Take the lines below from the one with "爱奇艺体育11月28日-29" through the one with "תלמידי כיתת האומנות" and print only them, exactly. Don't print the pictures.

(Entries taken from a collection)
[Start of section]

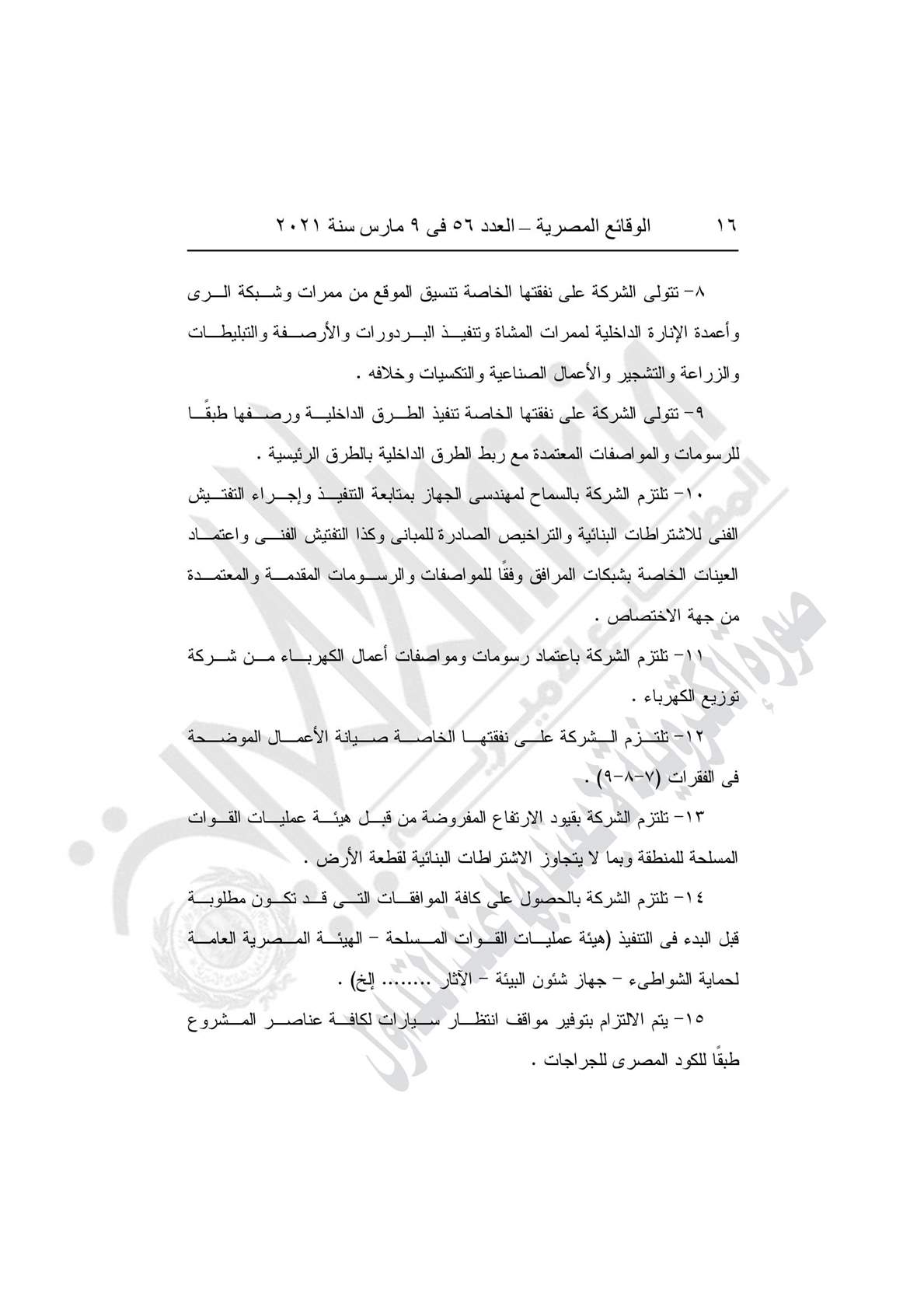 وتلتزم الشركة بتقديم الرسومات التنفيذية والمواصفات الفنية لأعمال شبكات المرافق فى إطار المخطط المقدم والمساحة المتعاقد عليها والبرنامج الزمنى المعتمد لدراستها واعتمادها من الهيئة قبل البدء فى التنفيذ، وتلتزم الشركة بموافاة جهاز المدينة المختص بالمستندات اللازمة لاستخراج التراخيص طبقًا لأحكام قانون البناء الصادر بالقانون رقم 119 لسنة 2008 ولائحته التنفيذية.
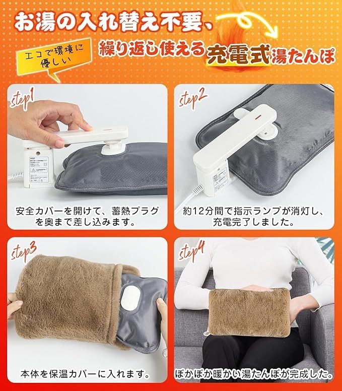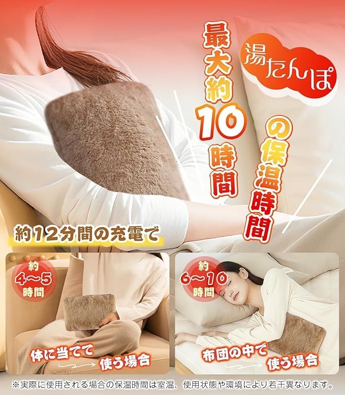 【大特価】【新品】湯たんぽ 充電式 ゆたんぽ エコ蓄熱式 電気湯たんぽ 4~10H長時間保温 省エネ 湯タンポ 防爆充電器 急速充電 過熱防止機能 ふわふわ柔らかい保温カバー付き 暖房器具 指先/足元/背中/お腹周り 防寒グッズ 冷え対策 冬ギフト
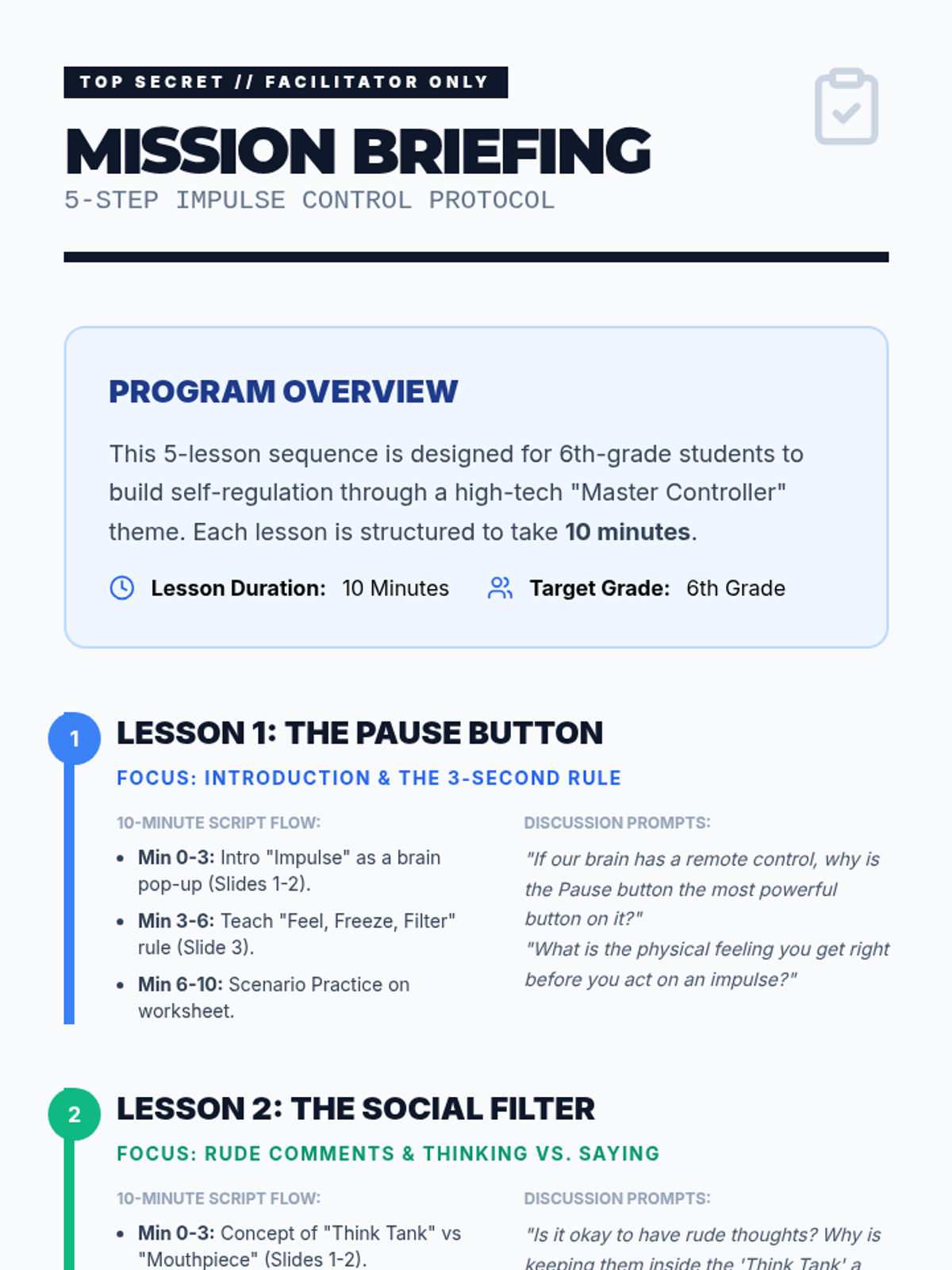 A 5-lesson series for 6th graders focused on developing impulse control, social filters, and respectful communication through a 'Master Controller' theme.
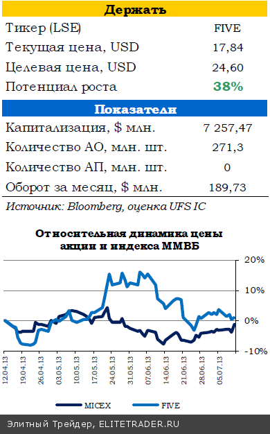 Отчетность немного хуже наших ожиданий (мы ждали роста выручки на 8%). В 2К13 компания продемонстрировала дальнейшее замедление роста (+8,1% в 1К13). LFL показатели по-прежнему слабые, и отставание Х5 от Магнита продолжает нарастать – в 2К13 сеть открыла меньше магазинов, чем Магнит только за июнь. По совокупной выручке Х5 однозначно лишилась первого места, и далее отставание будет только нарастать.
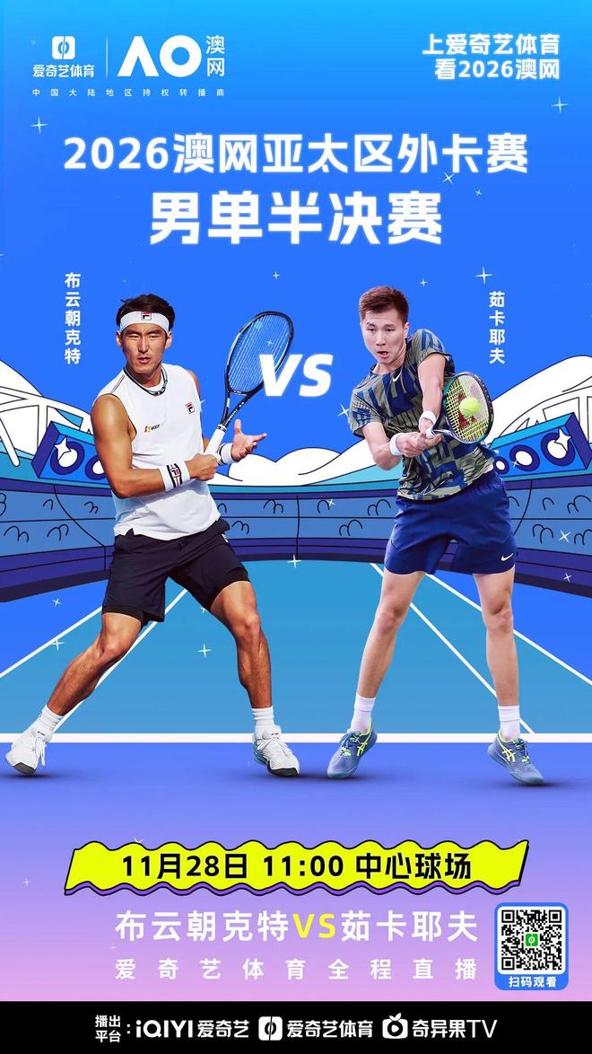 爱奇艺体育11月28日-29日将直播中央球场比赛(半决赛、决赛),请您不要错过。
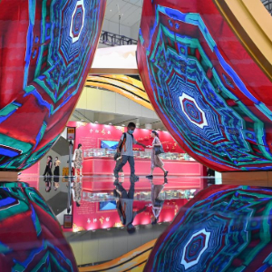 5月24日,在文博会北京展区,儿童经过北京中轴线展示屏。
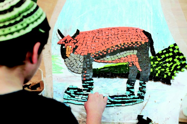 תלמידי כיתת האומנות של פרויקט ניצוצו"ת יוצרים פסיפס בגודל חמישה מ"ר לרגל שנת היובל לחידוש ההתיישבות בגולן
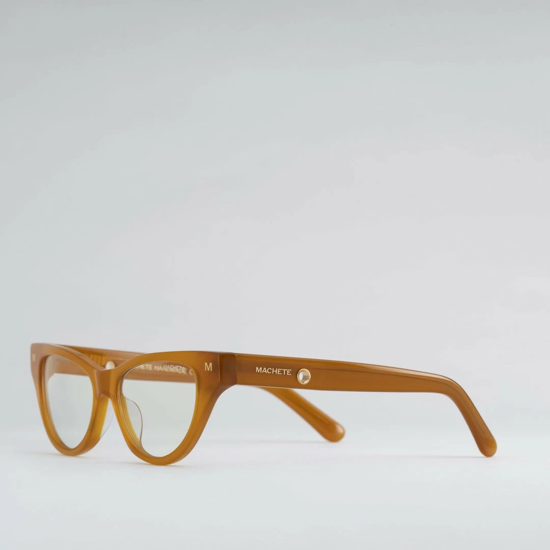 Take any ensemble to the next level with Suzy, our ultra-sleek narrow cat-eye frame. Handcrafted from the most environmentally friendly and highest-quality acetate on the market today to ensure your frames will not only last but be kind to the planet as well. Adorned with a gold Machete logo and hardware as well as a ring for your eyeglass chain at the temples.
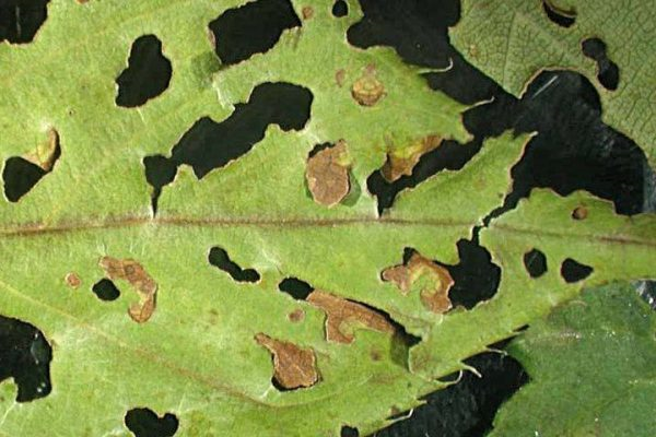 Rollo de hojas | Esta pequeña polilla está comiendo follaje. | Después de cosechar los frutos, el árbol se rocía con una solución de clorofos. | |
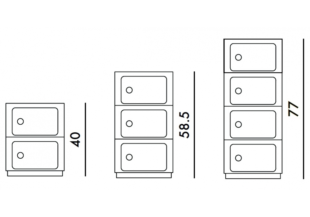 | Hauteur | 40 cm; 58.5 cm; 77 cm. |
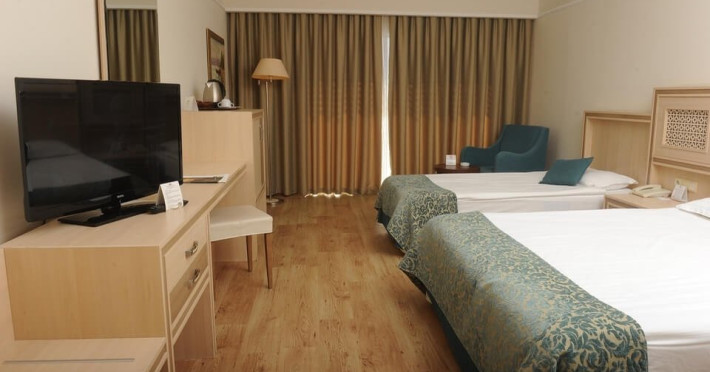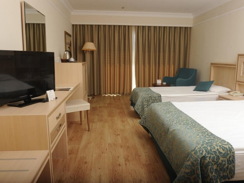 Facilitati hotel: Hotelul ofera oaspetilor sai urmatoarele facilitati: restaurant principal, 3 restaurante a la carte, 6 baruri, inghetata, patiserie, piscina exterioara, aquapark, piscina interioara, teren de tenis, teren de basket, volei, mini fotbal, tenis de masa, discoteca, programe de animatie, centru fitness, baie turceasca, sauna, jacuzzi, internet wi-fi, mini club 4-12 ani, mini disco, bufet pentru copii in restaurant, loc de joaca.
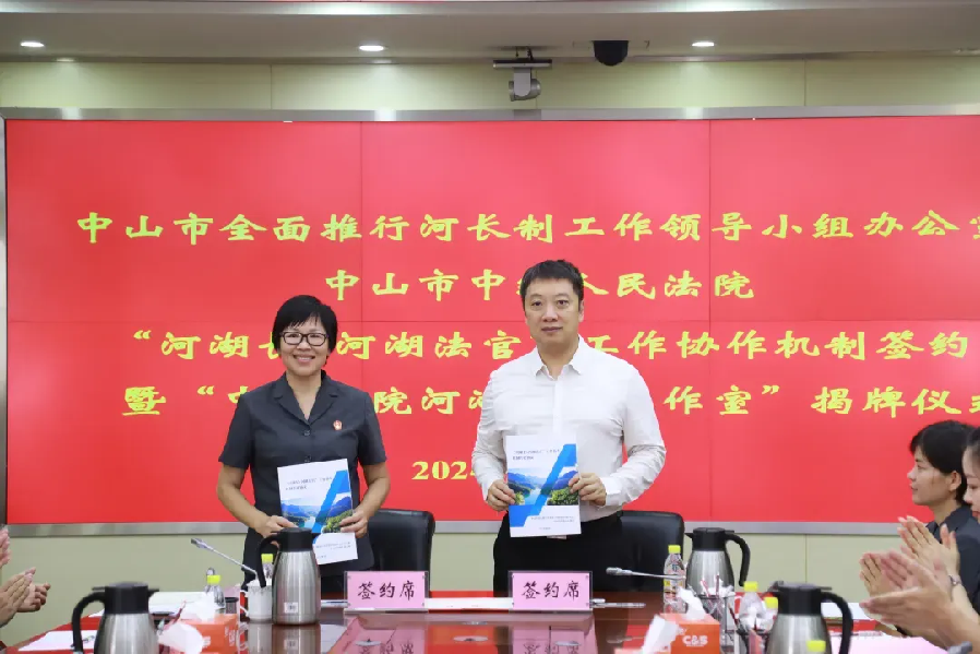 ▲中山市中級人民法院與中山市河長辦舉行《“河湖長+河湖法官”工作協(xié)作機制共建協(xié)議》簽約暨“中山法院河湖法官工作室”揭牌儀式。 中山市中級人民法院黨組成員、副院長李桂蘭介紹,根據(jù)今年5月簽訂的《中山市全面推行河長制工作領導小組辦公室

[End of section]

- _Exercise answer_:
 爱奇艺体育11月28日-29日将直播中央球场比赛(半决赛、决赛),请您不要错过。
 5月24日,在文博会北京展区,儿童经过北京中轴线展示屏。
 תלמידי כיתת האומנות של פרויקט ניצוצו"ת יוצרים פסיפס בגודל חמישה מ"ר לרגל שנת היובל לחידוש ההתיישבות בגולן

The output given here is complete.